Lieberman worked from home in Massachusetts. Every couple of weeks, he’d send in a packet of elaborate hand-drawn sketches for art to illustrate stories he wrote or edited. Knowing he was a heavy smoker, I’d open the manila envelopes expecting a puff of smoke. The contents looked like they came from an ancient scribe and smelled of cigarettes. No one put more care into crafting artwork.

Once a month, he’d trek down to the office to join me and the crew as we put one issue to bed and worked up ideas for the next one.  We didn’t socialize outside of work. In those days, I didn’t have much of a social life beyond taking my kids to parks on the weekend. But we spent many late Thursday nights – the newspaper’s deadline – working together on magazine and newspaper pages until 9 or 10 p.m., munching pizza with the production crew.

“We did some good work,” Lieberman said recently of our time on OEM.

Tim Moran would probably give a more mixed review.
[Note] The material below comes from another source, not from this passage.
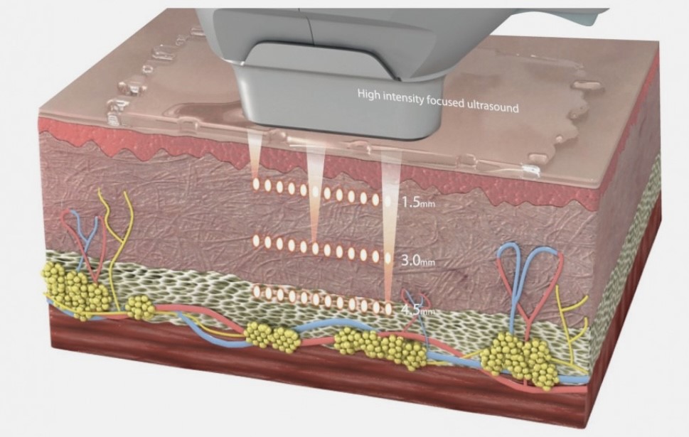 Urządzenie emituje skoncentrowane ultradźwięki o wysokiej częstotliwości. W skutek wibracji fal dźwiękowych zwiększa się aktywność komórek skóry pobudzając je do regeneracji i wytworzenia nowego kolagenu. Ponadto, podczas zabiegu tkanki kurczą się, co daje widoczny efekt liftingu. Dzięki aż 5 różnym końcówkom (1,5 mm; 3,0 mm, 4,5 mm, 6 mm i 9 mm) możemy działać na różnych głębokościach, co intensyfikuje efekt i sprawia, że przebudowa skóry jest głęboka i trwała.

He was the irritable traffic cop at EE Times.  Whenever anyone wanted anything out of the ordinary -- a supplement, a special report, a gatefold cover, a new department -- they had to go through Moran. He’d determine where and when it would run and how it would look. A twitch of his moustache signaled irritation. When he combed back his over-the-collar black hair with his hands, he was like a dog shaking off the stress of a skirmish.  

Suiting his role as gatekeeper, Moran’s office was next to Wallace’s. Moran served as the interface between what the editors and salespeople wanted to do and what the production and art departments could do. And he wouldn’t hesitate to tell any of them with Long Island inflected frankness what wouldn’t fly. You could argue with Moran, but you rarely won.

His greatest skill was packaging. You’d explain to him the gory details of an article and he’d come up with a punchy headline and an idea for visual art that captured it.

Once a month, I’d sit down with Moran and go over stories for the next magazine. We’d work up a dozen art ideas that I’d get our talented but mercurial art director, Mira Ramji-Stein, to design or commission. If he couldn’t recall the name of some artist perfect for a certain concept he’d just yell, “Miraaaa!” to summon her from three offices down the hall.

Lieberman, who sometimes sat in on the meetings, said they were one of his favorite parts of working on the magazine. He had a keen appreciation for Moran’s skeptical outlook and sardonic wit.

For me, these sessions were more like my half-dreaded encounters with Weitzner. I welcomed the attention of a sharp mind, but I feared the inevitable moments when I could feel the guillotine of Moran’s judgement about to come down on my rambling explanation of some misbegotten article. Heaven forbid it was my best candidate for the next cover!

Often as not, Moran would help dress up a Cinderella story for the prince’s ball. Once I had a cover story on wearable computers, a cool concept but well ahead of its time given the heavy, bulky gadgets of the day. Moran’s headline: The Prêt-à-Porter PC. After it went to press, we discovered one of the French accent marks was missing. So much for our sophistication.

Moran observed the industry from the bleacher seats of his Manhasset office. As far as I recall, he never wrote a story or an opinion piece for EE Times, though he copyedited and wrote headlines for oodles of them. He wasn’t a content guy. He let press releases pile up on a file cabinet behind his desk. Then he’d throw them away every six weeks or so without reading them.